• [Task goal] Give back, word for word, the lines in the listing below from the one holding "We had plenty" down to the one holding "Estas lámparas con", both ends included.

(Records shown Opens)

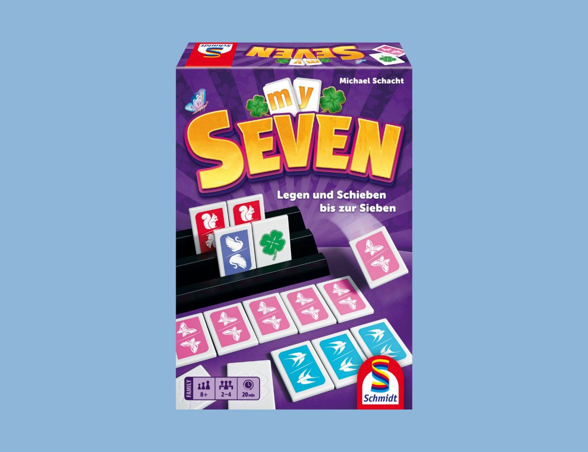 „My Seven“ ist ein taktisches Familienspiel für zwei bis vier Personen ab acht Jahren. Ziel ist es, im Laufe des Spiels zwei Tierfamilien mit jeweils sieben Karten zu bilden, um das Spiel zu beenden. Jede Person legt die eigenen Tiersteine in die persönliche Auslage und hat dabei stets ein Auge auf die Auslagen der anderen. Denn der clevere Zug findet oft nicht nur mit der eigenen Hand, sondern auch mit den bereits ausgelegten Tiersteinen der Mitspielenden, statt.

(Records shown Closes)
(Records shown Opens)

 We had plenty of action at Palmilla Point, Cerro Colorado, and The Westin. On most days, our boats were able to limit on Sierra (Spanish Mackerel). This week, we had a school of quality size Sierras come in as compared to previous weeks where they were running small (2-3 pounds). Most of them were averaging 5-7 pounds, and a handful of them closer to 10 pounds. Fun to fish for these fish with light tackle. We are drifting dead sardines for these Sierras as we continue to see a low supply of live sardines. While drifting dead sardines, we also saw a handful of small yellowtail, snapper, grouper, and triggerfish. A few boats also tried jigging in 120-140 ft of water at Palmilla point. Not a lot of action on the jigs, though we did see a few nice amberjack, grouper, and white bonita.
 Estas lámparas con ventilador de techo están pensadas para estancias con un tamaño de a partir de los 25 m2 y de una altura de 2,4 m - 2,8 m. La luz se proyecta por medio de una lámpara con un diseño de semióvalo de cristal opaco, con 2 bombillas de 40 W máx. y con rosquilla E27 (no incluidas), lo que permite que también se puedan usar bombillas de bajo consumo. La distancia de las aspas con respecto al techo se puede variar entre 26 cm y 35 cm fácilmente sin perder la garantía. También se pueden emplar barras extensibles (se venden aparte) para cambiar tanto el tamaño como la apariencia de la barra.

(Records shown Closes)
(Records shown Opens)

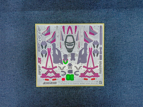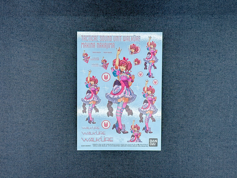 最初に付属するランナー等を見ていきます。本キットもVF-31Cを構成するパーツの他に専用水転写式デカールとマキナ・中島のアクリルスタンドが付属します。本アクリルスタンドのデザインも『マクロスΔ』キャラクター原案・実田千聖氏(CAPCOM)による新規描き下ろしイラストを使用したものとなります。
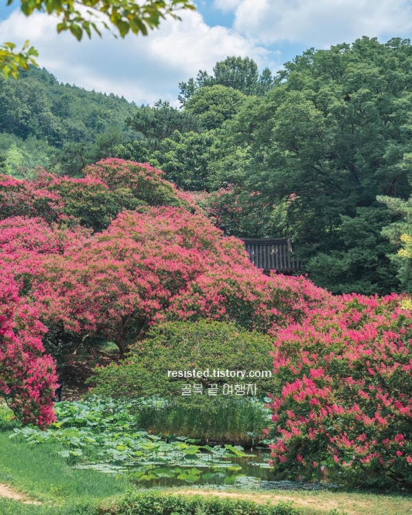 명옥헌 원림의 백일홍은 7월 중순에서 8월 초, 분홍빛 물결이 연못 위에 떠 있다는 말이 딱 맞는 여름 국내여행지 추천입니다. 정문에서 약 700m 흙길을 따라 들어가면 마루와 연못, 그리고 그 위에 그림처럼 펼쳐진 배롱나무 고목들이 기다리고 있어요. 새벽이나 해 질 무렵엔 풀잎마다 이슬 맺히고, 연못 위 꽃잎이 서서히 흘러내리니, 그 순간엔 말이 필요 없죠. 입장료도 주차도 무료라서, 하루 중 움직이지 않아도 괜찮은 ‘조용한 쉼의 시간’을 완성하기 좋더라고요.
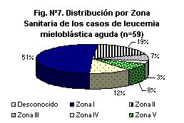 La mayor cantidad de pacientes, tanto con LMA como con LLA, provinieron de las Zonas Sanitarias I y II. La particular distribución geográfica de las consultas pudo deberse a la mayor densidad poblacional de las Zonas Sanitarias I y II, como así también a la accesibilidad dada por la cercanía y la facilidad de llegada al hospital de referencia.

(Records shown Closes)

• [Your solution]
 We had plenty of action at Palmilla Point, Cerro Colorado, and The Westin. On most days, our boats were able to limit on Sierra (Spanish Mackerel). This week, we had a school of quality size Sierras come in as compared to previous weeks where they were running small (2-3 pounds). Most of them were averaging 5-7 pounds, and a handful of them closer to 10 pounds. Fun to fish for these fish with light tackle. We are drifting dead sardines for these Sierras as we continue to see a low supply of live sardines. While drifting dead sardines, we also saw a handful of small yellowtail, snapper, grouper, and triggerfish. A few boats also tried jigging in 120-140 ft of water at Palmilla point. Not a lot of action on the jigs, though we did see a few nice amberjack, grouper, and white bonita.
 Estas lámparas con ventilador de techo están pensadas para estancias con un tamaño de a partir de los 25 m2 y de una altura de 2,4 m - 2,8 m. La luz se proyecta por medio de una lámpara con un diseño de semióvalo de cristal opaco, con 2 bombillas de 40 W máx. y con rosquilla E27 (no incluidas), lo que permite que también se puedan usar bombillas de bajo consumo. La distancia de las aspas con respecto al techo se puede variar entre 26 cm y 35 cm fácilmente sin perder la garantía. También se pueden emplar barras extensibles (se venden aparte) para cambiar tanto el tamaño como la apariencia de la barra.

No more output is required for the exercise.